Onboarding is long. It asks a sensible set of questions about your target role, seniority, industry, location, and preferences, step by step. The questions make sense for applying, though a few could be pre-filled from your resume. At the end, the app dropped me on a payment wall with no way to look around first. The only workaround was to exit and re-enter the app from the landing page, which is not paywalled, and even then most in-app pages were locked.

AIApply onboarding, one of many sequential preference steps

AIApply onboarding, one of many sequential preference steps.

Source: aiapply.co (screenshot, fair use)

The job search is where the biggest problem showed up. I searched "Senior Software Engineer" with a location of Seattle. Every result was titled exactly "Senior Software Engineer," which is what keyword string matching produces, not semantic understanding of your background. Worse, when I opened one result's details, the role's location was Los Angeles, not the Seattle I had searched. The listings were dated one day to three weeks old, so the board was not surfacing freshly posted roles during my test. AIApply does not disclose where it sources listings or how often it re-scans, so I am describing what I saw, not its pipeline.

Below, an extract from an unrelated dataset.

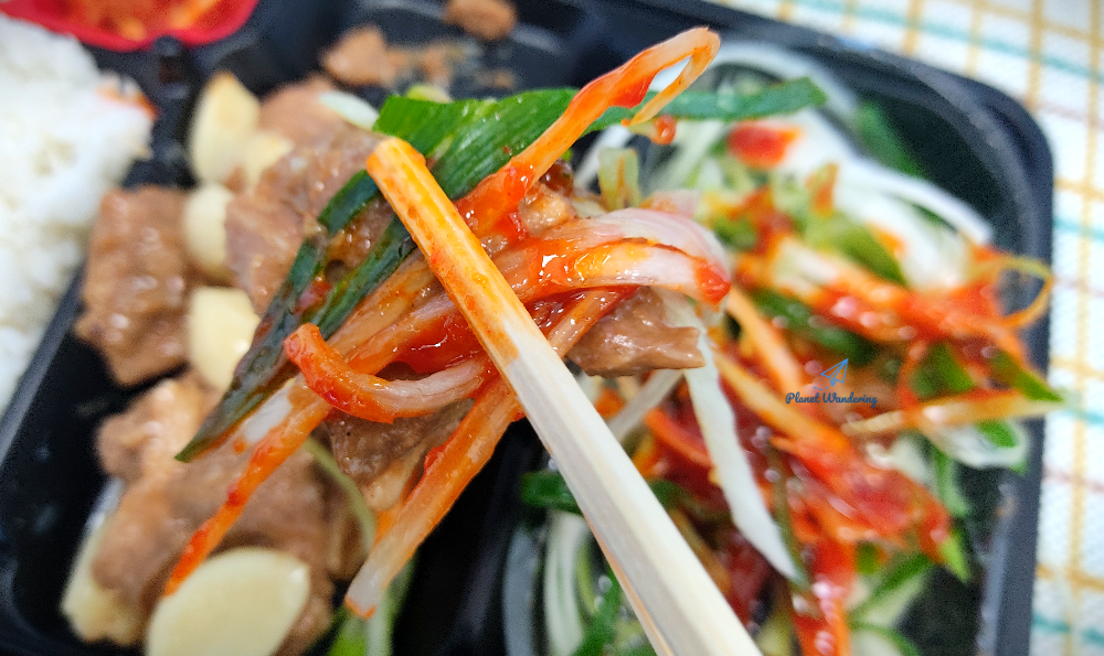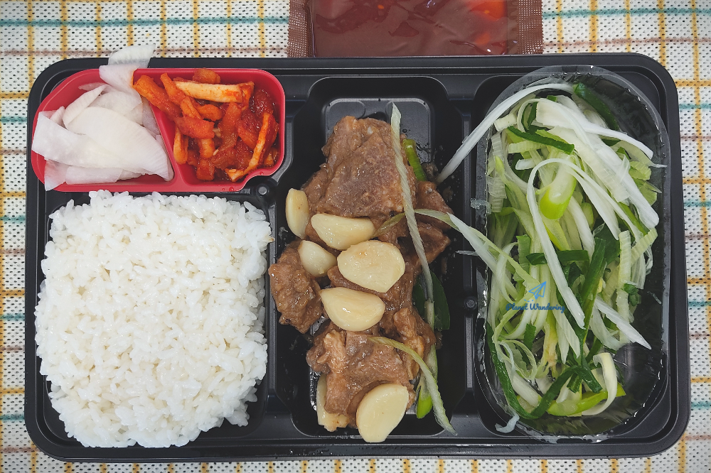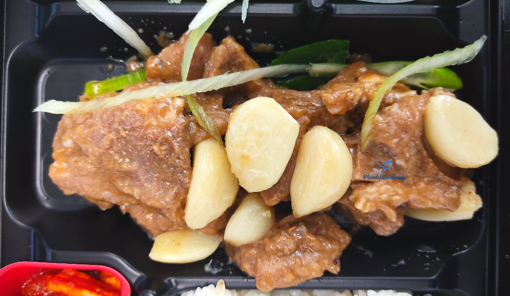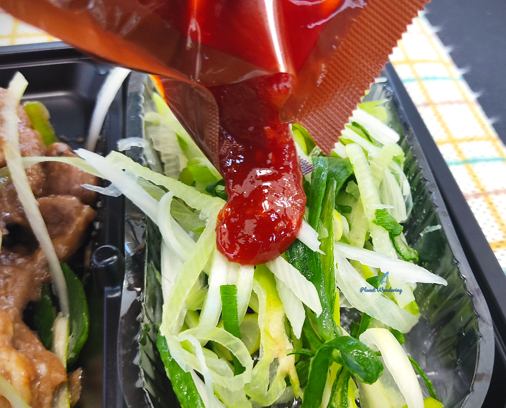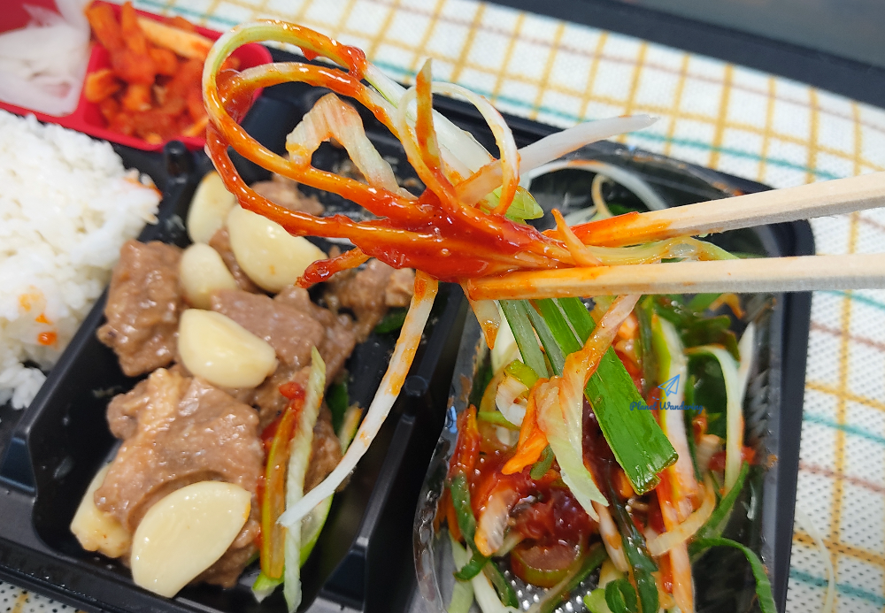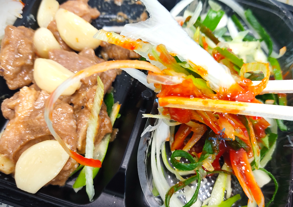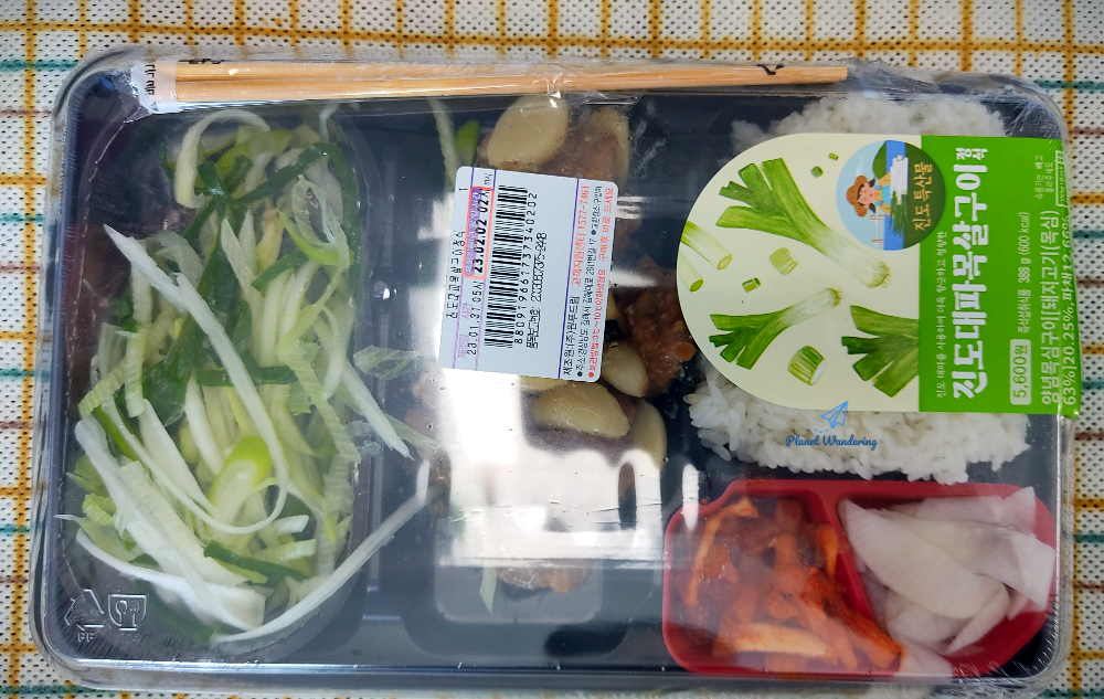 진도의 명물 대파는 너무 싱싱합니다. 도시락 유통과정이 있었을텐데도 숨도 죽지 않고 파릇파릇하네요. 아사삭 씹히는 파를 부드러운 돼지고기와 함께 먹는 건 좋은데,, 이 날 도시락에 들어있는 파는 향과 맛이 상당히 센 편이었네요. 코가 뽕~ 뚫릴 만큼 파 향이 강해서 드시는 분들 호불호가 좀 갈릴 것 같기도 합니다.

Job details were thin too: a title, a company, a few skill tags, and a three-line blurb, with no full description, salary, or requirements list.

AIApply job search for "Senior Software Engineer" returning only exact-title results

AIApply job search for "Senior Software Engineer" returning only exact-title results.

Source: aiapply.co (screenshot, fair use)
AIApply job detail panel showing only a short three-line blurb and a few tags

AIApply job detail panel showing only a short three-line blurb and a few tags.

Source: aiapply.co (screenshot, fair use)

The rest of the experience matched what users report. Upgrade pop-ups appeared roughly every twenty seconds. The interface stretches awkwardly on a large monitor, with a tiny icon menu on the far left, controls pushed to the far right, and an empty center that is tiring to scan. The left-hand menu leans on emoji-style icons that are hard to read at a glance. None of this is fatal, but it adds friction to a product that is asking you to pay before you can judge it.

AIApply stretched across a 32-inch monitor with a large empty center

AIApply stretched across a 32-inch monitor with a large empty center.

Source: aiapply.co (screenshot, fair use)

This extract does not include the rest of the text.